» TASK REQUIREMENTS
Could you return every record below exactly as it stands, leaving out the pictures?
INPUT DATA START
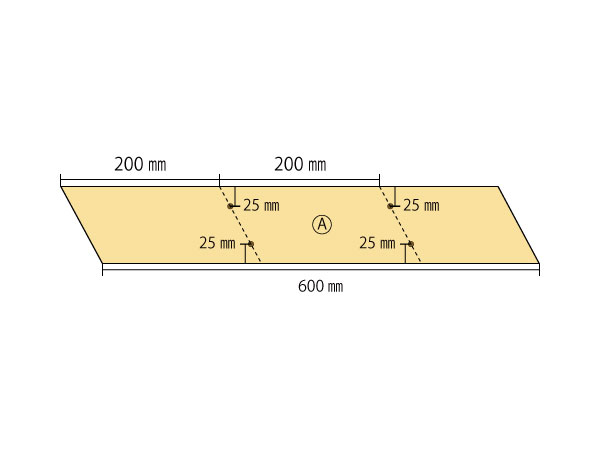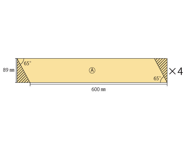 脚(A)に、受け(D)を取り付ける位置の印を付ける。印に合わせて木工用接着剤を塗り、スリムねじ(35mm)で固定する。次に、(A)と(B)(C)をスリムねじ(45mm)で取り付ける。最後に、二つの脚を木工用接着剤で接着し、スリムねじ(35mm)でしっかり固定する。
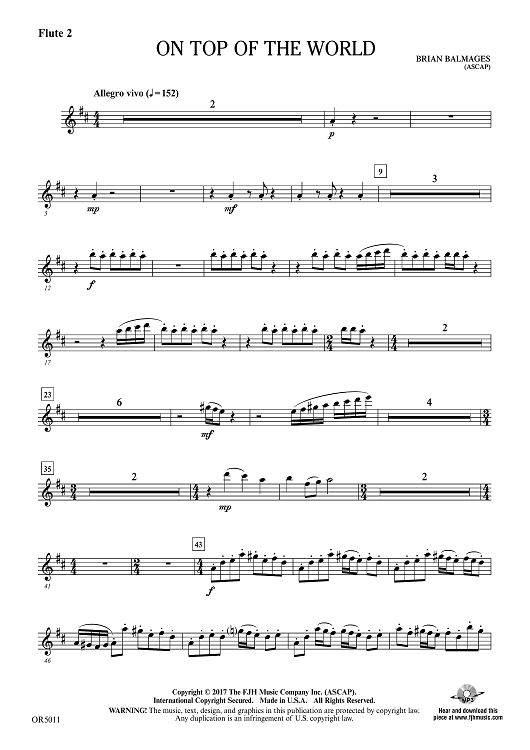 "On Top of the World - Flute 2" Sheet Music by Brian Balmages
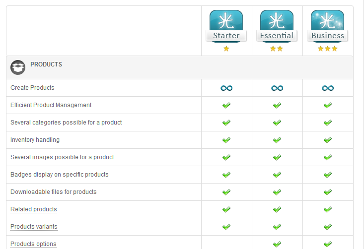 I have one another question in regards to this topic. I like how you have divided your features into categories products, prices, sales and so on... on your comparison page. I have been trying to do the same on our comparison page with no success. Would you be able to lead me in the right direction?
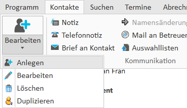 Aufruf der Funktion Kontakt anlegen |
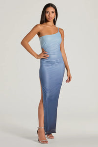 Sparkle and make every room shimmer in the Gretchen glitter formal dress at celebrations and black-tie events! The striking floor-length gown boasts a sexy halter plunge U-wired neckline, a slim form-hugging bodice, and a high front slit along the column silhouette to show some skin.
INPUT DATA END
» SOLUTION TO THIS PROBLEM
 脚(A)に、受け(D)を取り付ける位置の印を付ける。印に合わせて木工用接着剤を塗り、スリムねじ(35mm)で固定する。次に、(A)と(B)(C)をスリムねじ(45mm)で取り付ける。最後に、二つの脚を木工用接着剤で接着し、スリムねじ(35mm)でしっかり固定する。
 "On Top of the World - Flute 2" Sheet Music by Brian Balmages
 I have one another question in regards to this topic. I like how you have divided your features into categories products, prices, sales and so on... on your comparison page. I have been trying to do the same on our comparison page with no success. Would you be able to lead me in the right direction?
 Aufruf der Funktion Kontakt anlegen |
 Sparkle and make every room shimmer in the Gretchen glitter formal dress at celebrations and black-tie events! The striking floor-length gown boasts a sexy halter plunge U-wired neckline, a slim form-hugging bodice, and a high front slit along the column silhouette to show some skin.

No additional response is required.